Sebastian Barnes

Personal information
- Date of birth: 18 November 1976 (age 48)
- Place of birth: Ghana
- Height: 1.69 m (5 ft 7 in)
- Position(s): Midfielder

Senior career*
- Years: Team / Apps / (Gls)
- 1991–1995: Hearts of Oak
- 1995–1996: Bayer Leverkusen / 0 / (0)
- 1997: Orlando Sundogs / 23 / (14)
- 1997–1998: Mainz 05 / 6 / (0)
- 1998–2001: VfL Hamm/Sieg
- 2006–2008: SF Neitersen

International career
- 1991–1993: Ghana U17 / 12 / (0)
- 1994: Ghana / 1 / (0)

Medal record
Representing Ghana
FIFA U-17 World Cup
| Winner | Italy 1991 | U-17 Team |

= Sebastian Barnes (footballer) =

Ghanaian footballer (born 1976)

Sebastian Barnes (born 18 November 1976) is a Ghanaian former footballer who played at both professional and international levels as a midfielder.

==Club career==
Barnes began his career with Hearts of Oak, before playing for top-level German teams Bayer Leverkusen and Mainz 05. In 1997, Barnes played for the Orlando Sundogs in the USISL A-League.
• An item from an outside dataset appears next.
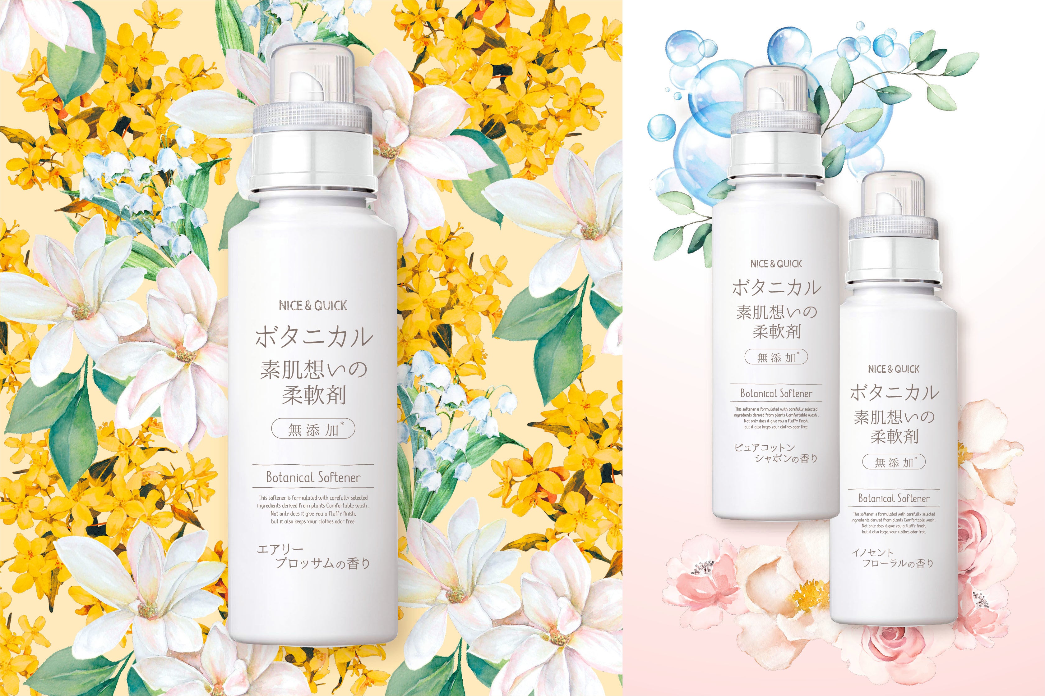 左からナイス&クイック ボタニカル 素肌想いの柔軟剤 エアリーブロッサムの香り、ピュアコットン
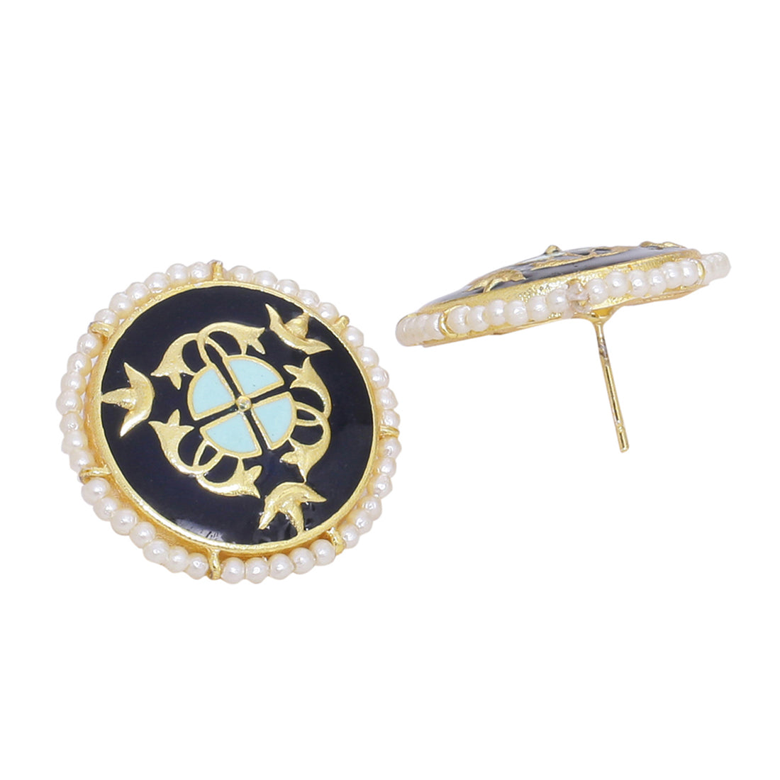 Make a statement with the Tahira Royal Black Studs. Perfect enamelled detailing enhanced with pearl beads. This piece of jewelry comes with the Voylla assurance of quality and durability.

After leaving Mainz in 1998, Barnes played for a number of lower league German clubs, including VfL Hamm/Sieg and SF Neitersen.

==International career==
After representing Ghana at the FIFA U-17 World Championship in both 1991 and 1993, Barnes earned one cap for the senior team in 1994.

==Personal life==
Barnes is the father of fellow footballer Joselpho Barnes.